Monday, November 7, 2016

"You Are So Beautiful"










The definition of beautiful according to the dictionary is: attractive, pretty, handsome, and good-looking.  I would say these words are rather vague as to defining beautiful.  The first four pictures above are from magazines that are of some famous women who are considered beautiful (all in their 50's - 70's).  Yes, more than likely air brushed and plastic surgery for some, however, if you compared seeing them live at an event or interview on TV, they look pretty much the same.

The next set of pictures are of women that have chosen to have a make over, in order to stress that if a woman wants to look a certain way, she can through the use of make up.  Calvin Klein hit the mark when he said, "The best thing is to look natural, but it takes make up to look natural."  I would like to add that it takes skill to apply make up that looks natural.  Not all women want to go through those motions, nor should they.  We do have the power to be our own kind of beautiful and this can change from day to day, even hour to hour.

We all, as women, need to decide what it is that we want or need to be happy within ourselves.  Just knowing that our DNA has a lot to do with our appearance and that we should work harder to not put ourselves down based on this fact.  Imperfections are beautiful. Every famous person who is considered beautiful will be the first one to tell you a part of their looks that they do not find beautiful. It is okay.  We all need to be our own kind of beautiful or else we will look like perfect little molds coming out of some beauty machine.
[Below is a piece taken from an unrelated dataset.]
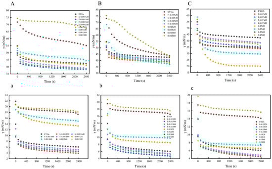 Dynamic interfacial tension versus time at the air/water and oil/water (bottom) interfaces for EYGs-Span emulsifier and Span emulsifier with different compounding concentrations ((A,a) is 0.001 concentration, (B,b) is 0.01 concentration, and (C,c) is 0.1 concentration).

When is the last time that you flipped through a beauty magazine or watched a runway of models showing off the latest designer fashions?  Cookie cutter beauty is what you will see.  Instead of being like a stone that is found everywhere, achieve to become the precious and rare diamond that is viewed as having your own kind of individual beauty.

This is where we all need to remember that beauty is how you feel on the inside so that it all reflects in our eyes, our souls and our hearts. A very important mantra that I, as well as many other woman need to repeat frequently is to remember that being beautiful doesn't make you happy.  Being happy makes you beautiful.   

This picture of Katie Couric really demonstrates what I have been blogging about.  She is happy from within herself.  Her beauty shines in both pictures.  One without make up and the other one with some make up.  We all need to remember that beauty is in the eyes of the beholder and to stop being so rigid about what makes a person beautiful.

Let's put an end to the advertising agencies dictating to us about using an anti-aging cream and showing in a picture how our skin will look if we use it.  (Oops...they forgot to mention the model in the picture was in her 20's.) Or that the beautiful eye lashes can be ours if we use a certain kind of mascara.  Now, I don't know about you, but there is not a human on this planet who has lashes like what is shown in magazines unless they have lash enhancers on with the mascara.  These companies are finally being called out on some of these misconceptions.  Another favorite ad is for those using Spanx, a body shaper product, only the person showing what Spanx can do for us is already a size 6.  What would she need a body shaper for?  It is to make the consumer believe that her size 12 -14 body will look like the model if we put on Spanx.  

We are all unique and beautiful human beings.  Go out in the world with your smile and your beauty will most definitely come shining through.  After all, it does take your beauty on the inside to come shining outwardly for the real beauty to be seen by others.